Question

The absolute refractive index of glass and water is \[\dfrac{3}{2}\]and \[\dfrac{4}{3}\], respectively. If the speed of light in glass is \[2\times {{10}^{8}}\], calculate the speed of light in: a) vacuum b) water

Answer 1

Hint: In this question we have been asked to calculate the speed of light in vacuum and in water. It is given that the refractive index of glass and water is 3/2 and 4/3 respectively. We know that the refractive index is the refractive index in a vacuum. Therefore, using this definition, we shall calculate the speed of light in vacuum and water.
Formula Used:- \[\mu =\dfrac{c}{v}\]
Where,
\[\mu \] is the absolute refractive index of the medium
C is the speed of light in a vacuum
V is the speed of light in a medium

Complete step by step solution:
 It is given that the absolute refractive index of glass and water is \[\dfrac{3}{2}\]and \[\dfrac{4}{3}\], respectively.
Let, absolute refractive index of glass and water be \[{{\mu }_{g}}\] and \[{{\mu }_{w}}\]
\[{{\mu }_{g}}=\dfrac{3}{2}\] and \[{{\mu }_{w}}=\dfrac{4}{3}\]
It is given that the speed of light in glass \[{{v}_{g}}\] is \[2\times {{10}^{8}}\]. Therefore, the absolute refractive index of the glass can be given by,
\[{{\mu }_{g}}=\dfrac{c}{{{v}_{g}}}\]…………. (1)
After substituting the values,
\[\dfrac{3}{2}=\dfrac{c}{2\times {{10}^{8}}}\]
On solving
We get,
\[c=3\times {{10}^{8}}\]
Therefore, the speed of light in vacuum is \[3\times {{10}^{8}}\].
Now, for the speed of light in water.
It is given the refractive index of water \[{{\mu }_{w}}=\dfrac{4}{3}\].
From (1) we can say that refractive index of water is given by,
\[{{\mu }_{w}}=\dfrac{c}{{{v}_{w}}}\]
After substituting the values,
\[\dfrac{4}{3}=\dfrac{3\times {{10}^{8}}}{{{v}_{w}}}\]
On solving
We get,
\[{{v}_{w}}=2.25\times {{10}^{8}}\]
Therefore, the speed of light in water is \[2.25\times {{10}^{8}}\].
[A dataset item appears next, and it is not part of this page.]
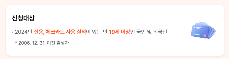 -2024년에 본인 명의의 신용카드 또는 체크카드 사용 실적이 있어야 합니다.

Note: The absolute refractive index of a medium is defined as the ratio of the speed of light in the vacuum over the speed of light in the medium. The refractive index of a medium depends on the wavelength of light, optical density, temperature, and refractive index of the surrounding. Impurities present in a medium will increase the refractive index of the medium. As the refractive index of a medium increases its optical density increases. Therefore, the speed of light in that medium is slower.